"Mimari bir yapıyı,
siyasi bir partinin üyeleri uzmanlık alanı olmadan çıkıp eleştiremez. Aynı şey
3. köprü için de geçerli." diyen ünlü mimar Hakan Kıran,
3. köprüye alternatif bir öneri sundu.
"Kendimi yalnızca
mimar değil yaratıcı olarak tanımlıyorum. Bir tasarım ancak içine ruh
yerleştiğinde ancak bir yaşam yüklendiğinde bir yaratıma dönüşür..."
Bu
sözler ünlü mimar Hakan Kıran'a ait. Eski eserlerin restorasyonlarıyla işe
adımını atan, İstanbul'un çehresini değiştirecek önemli projelere imza atan ve
son olarak ismi tuhaf bir dolandırıcılık hikayesiyle gündeme gelen bir mimar...

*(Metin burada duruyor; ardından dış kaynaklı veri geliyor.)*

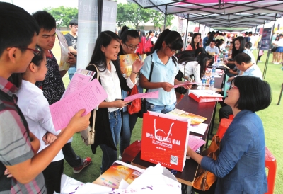 “建议学生多从综合招聘会、专场招聘会、中小型洽谈会上了解招聘信息,看好一个岗位后,利用大四时间,去相应岗位实习锻炼一下,这样一来,学生也能更有目的地选择到兴趣岗位,更快上岗上位。”张燕斌表示。

Yalı, köşk, sarnıç, konak, ahşap ev, taş bina... Profesyonel anlamda
1986 yılında ilk çizimini gerçekleştiren Kıran, kendisini eski eserlerin
restorasyonuna adadı. Taki 1998 yılında Mydonose Showland teklifiyle tanışana
kadar... 21. yüzyıl yapıları ile ilgili yeni bir sayfa açtı ve bu tarihten
itibaren Kadıköy Salı Pazarı'ndan Haliç Metro Geçiş
Köprüsü'ne kadar pek çok önemli projeye imza attı. Avrupa onu, kendine
özgür kalemi ve modern bakış açısıyla tanıyor.
Yaşadığı tecrübeleri,
projelerini, 3. köprü önerisini, İstanbul Büyükşehir Belediye Başkanı
Kadir Topbaş'la olan yakınlığı konuştuk. İşte ünlü mimarın ilk
eleştirileri ve şehir mimarisi üzerine görüşleri...
"Yaptığımız yapıları
anlatırken, iddialı konuşurduk. Bazı hocalarımızdan 'Bunda ne var ki; yapıları
yeniden yapıyorsunuz' gibi eleştiriler gelirdi.
Bugünki tecrübemle
şunu söylemeliyim ki; geleneksel mimarlıktaki bilgi birikiminin yanında çok
ciddi metotlar öğreniyorsunuz. O zamanki ahşap binayı, ustalık yapan mühendislik
görüşünü ya da halk kültüründe yer alan yapıyı disipline ediyorsunuz.
Projenin niteliği çok önemli. vereceğiniz karar; o bölgede yaşayan
insanların katlanması gereken sonuçlar olacak.
Şöyle ki; çölün ortasına,
Dubai'ye değil, şehre bir yapı yapıyorsunuz. Herşeyden önce bir kültürünüz var.
Bunun yanı sıra şehircilik yapısı var. Bütün bu dengelere sahip bir bilgi
birikimine ihtiyacınız olacak. Çevresiyle olan uyumuna, malzemesine, yaşam
niteliklerine karar vermek zorundasınız. Ben de önce bunları deşifre ediyorum.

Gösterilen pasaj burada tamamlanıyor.